A NatWest bank branch in St. Albans, UK. (Chris Ratcliffe/Bloomberg)

(Bloomberg) -- The UK won’t pursue a plan to sell some of its £6 billion ($8 billion) stake in NatWest Group Plc to the public, after Chancellor of the Exchequer Rachel Reeves concluded it didn’t provide value for money.

“A retail share sale offer would involve significant discounts that could cost taxpayers hundreds of millions of pounds,” Reeves told the House of Commons on Monday. “It would therefore not represent value for money and will not go ahead. It is a bad use of taxpayer money and we will not do it.”

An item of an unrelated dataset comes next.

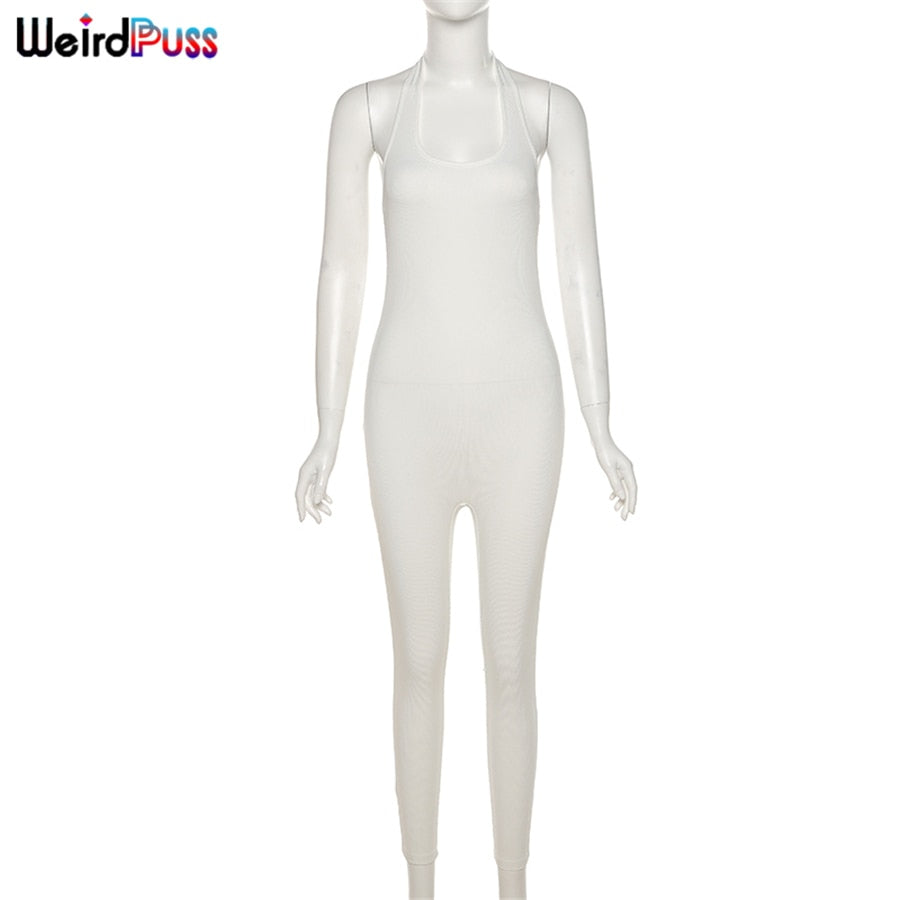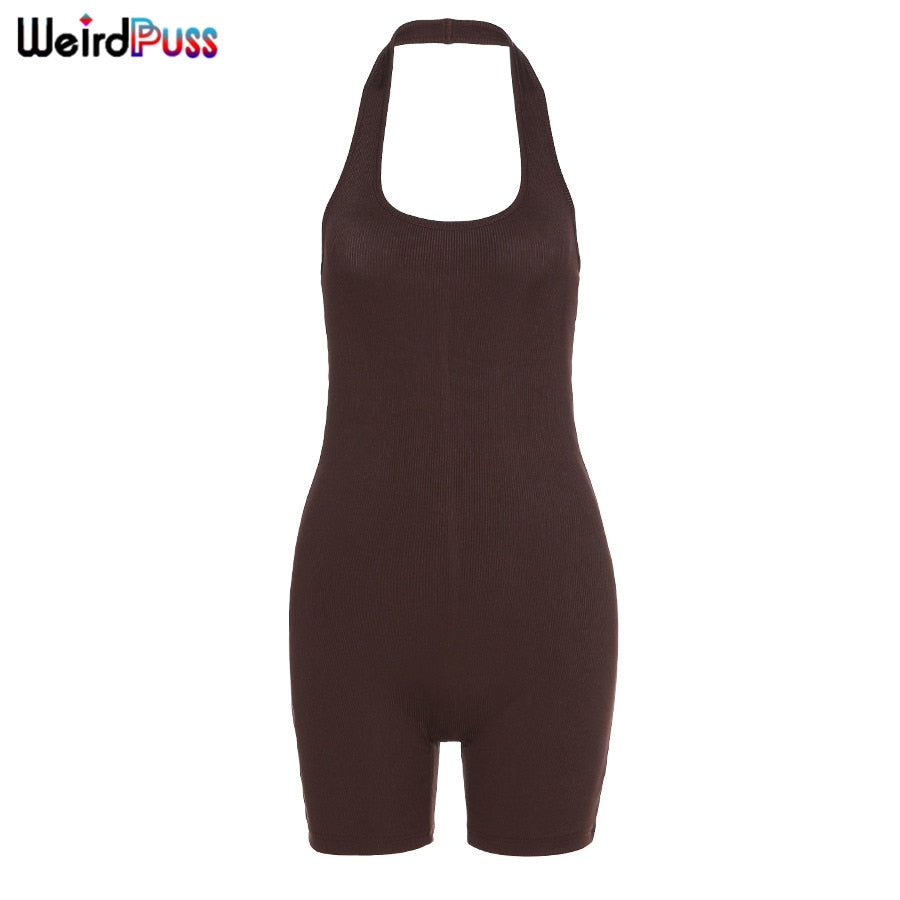 Weird Puss 2021 Spring Overalls For Women Halter Sexy Romper Ribbed Skinny Stretchy Sporty Fitness Backless Playsuits Outfits

The Chancellor said the government still intends to exit its shareholding by 2026. Bloomberg reported last week that Reeves was leaning toward offloading a substantial portion of its stake to institutional shareholders rather than continuing with her predecessor Jeremy Hunt’s plan for a retail sale. 

A spokesperson for NatWest said the lender welcomed the government’s “commitment to returning NatWest Group to full private ownership.”

The sale to institutional shareholders would come alongside the government’s existing exit of its shareholding through a series of open-market sales and buybacks, people familiar with the matter told Bloomberg last week. 

The UK remains NatWest’s biggest investor following a financial-crisis-era rescue deal. The government owned 19.97% of NatWest as of July 12, according to a regulatory filing earlier this month. That’s down from 38% in December.